- The input -
# # #

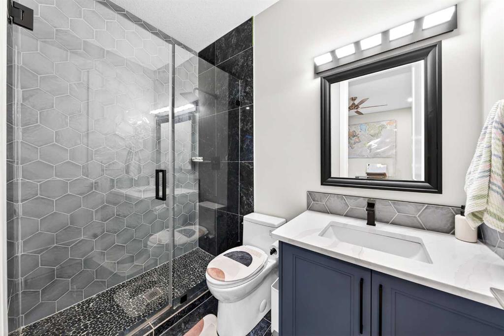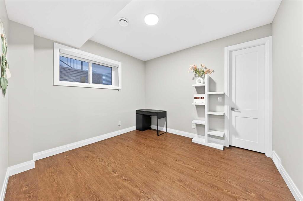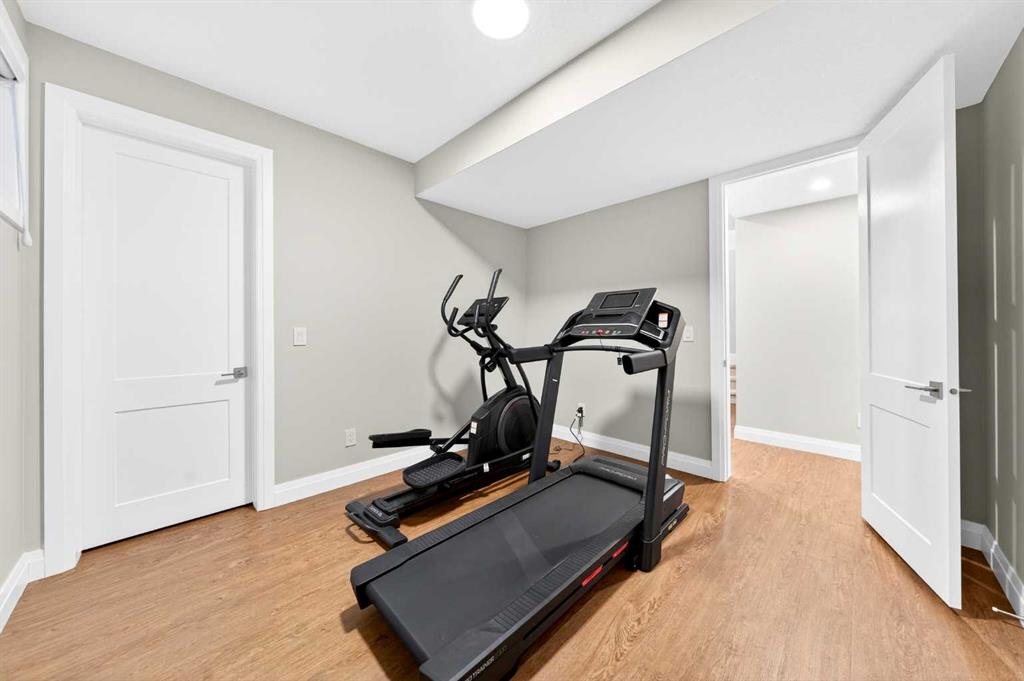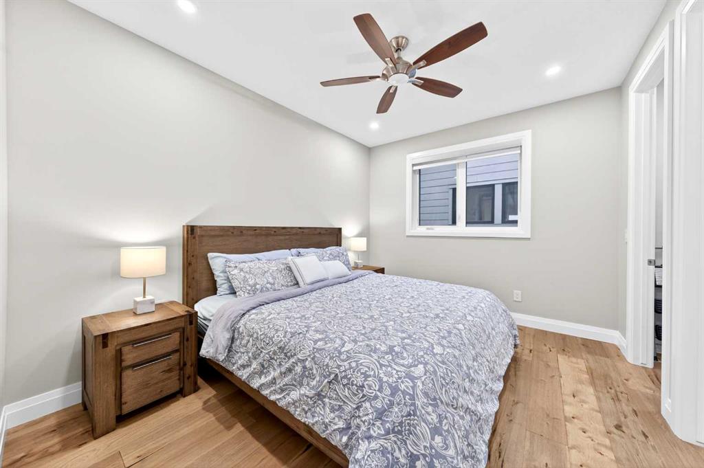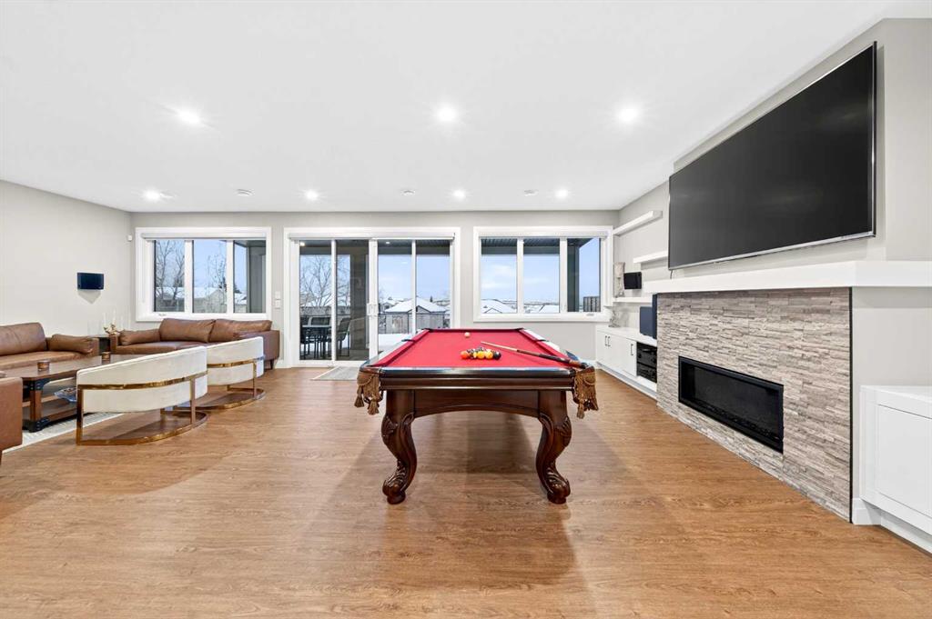 The fully finished walkout basement features 9-ft ceilings and luxury vinyl plank flooring throughout, creating a bright and upscale feel. It offers a large Recreation Room with a gas fireplace and a custom bar—perfect for entertaining—along with two additional bedrooms and a 3-piece bath for guests or family. Double sliding patio doors from the Recreation Room open to a full-size covered patio, seamlessly extending to a fully landscaped backyard with ample space for outdoor gatherings and a gate that provides direct access to the adjacent walking path.
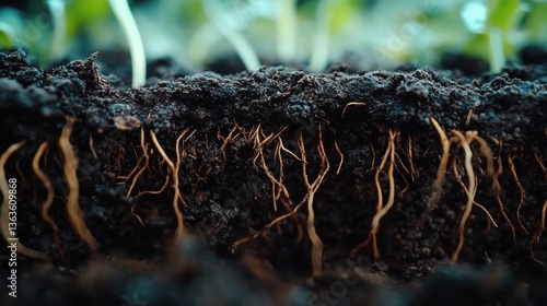 Fototapeta premium Close-up of rich, dark soil with intricate textures, tiny roots, and organic...
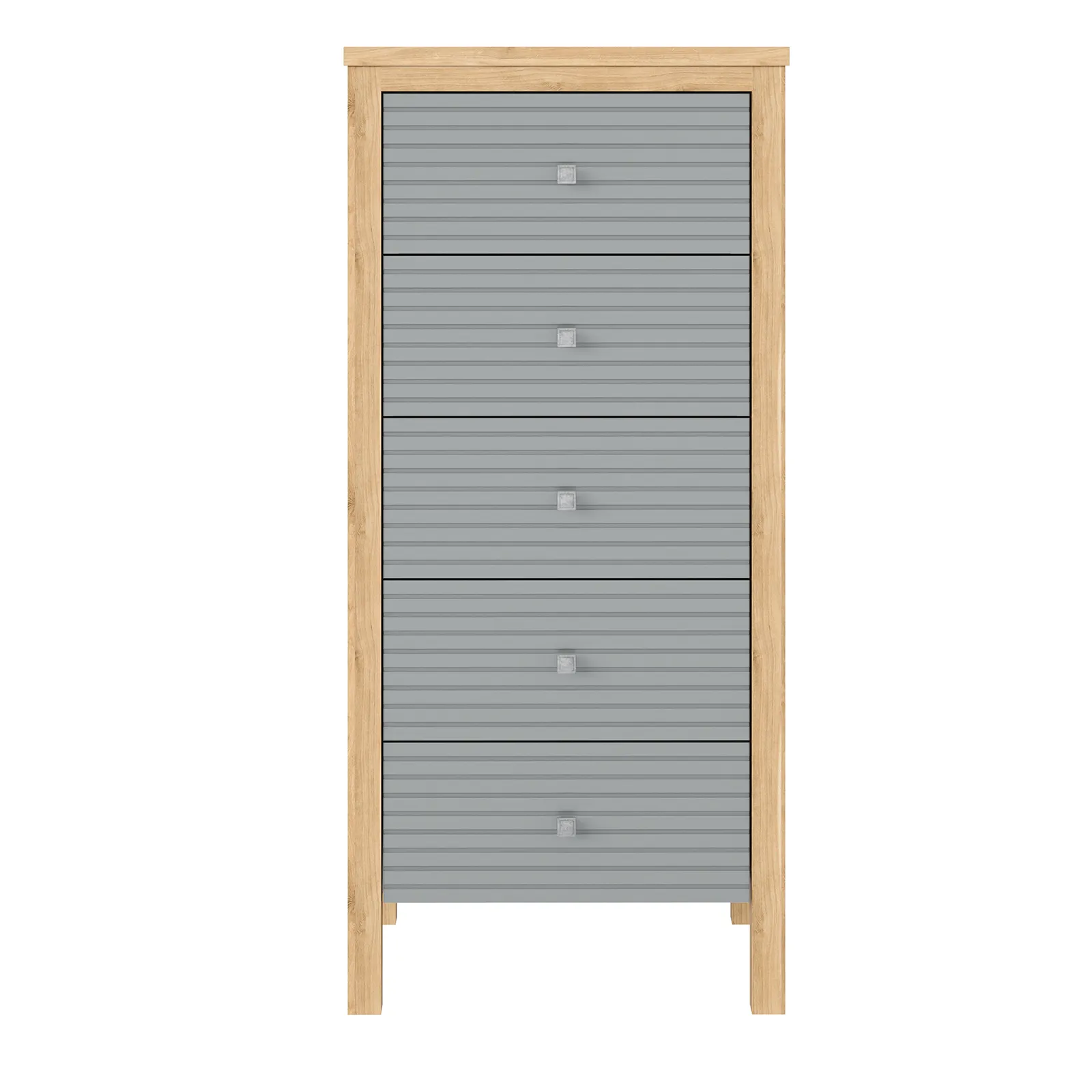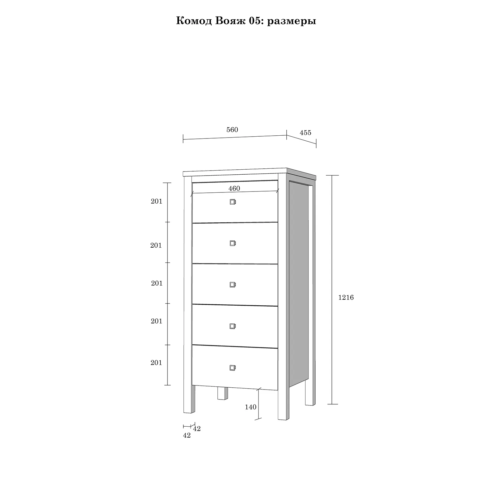 Комод оснащен пятью выдвижными ящиками с горизонтальными пропилами.
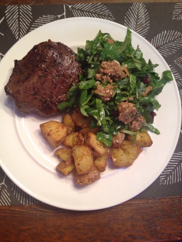 That said, I did spill some meat on my vegan cookbook. Hahahaha! True story! I made one of her fabulous salads from the book but I paired it with carnivore mainstays of steak and potatoes!
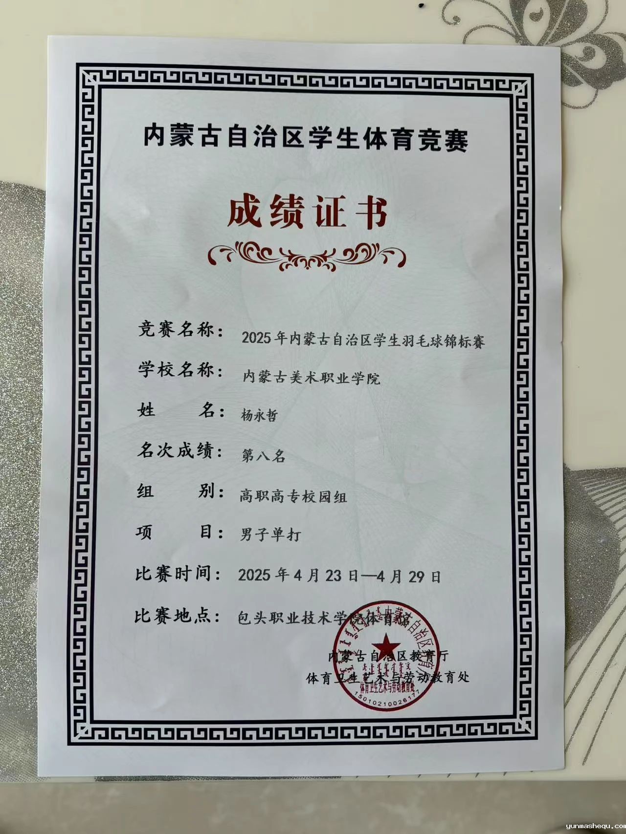 2025年4月23日至29日,内蒙古自治区学生羽毛球锦标赛隆重举行,我院学子积极响应自治区体育赛事号召,以昂扬的斗志和出色的表现参与角逐。经过激烈的比拼,我院绘画与设计学院学生杨永哲凭借精湛的技艺与顽强的拼搏精神,在比赛中脱颖而出,荣获男子单打第八名的优异成绩!

# # #

- What you need to do -
What is needed here is an exact copy of all the entries, without the pictures.

- Answer below -
 The fully finished walkout basement features 9-ft ceilings and luxury vinyl plank flooring throughout, creating a bright and upscale feel. It offers a large Recreation Room with a gas fireplace and a custom bar—perfect for entertaining—along with two additional bedrooms and a 3-piece bath for guests or family. Double sliding patio doors from the Recreation Room open to a full-size covered patio, seamlessly extending to a fully landscaped backyard with ample space for outdoor gatherings and a gate that provides direct access to the adjacent walking path.
 Fototapeta premium Close-up of rich, dark soil with intricate textures, tiny roots, and organic...
 Комод оснащен пятью выдвижными ящиками с горизонтальными пропилами.
 That said, I did spill some meat on my vegan cookbook. Hahahaha! True story! I made one of her fabulous salads from the book but I paired it with carnivore mainstays of steak and potatoes!
 2025年4月23日至29日,内蒙古自治区学生羽毛球锦标赛隆重举行,我院学子积极响应自治区体育赛事号召,以昂扬的斗志和出色的表现参与角逐。经过激烈的比拼,我院绘画与设计学院学生杨永哲凭借精湛的技艺与顽强的拼搏精神,在比赛中脱颖而出,荣获男子单打第八名的优异成绩!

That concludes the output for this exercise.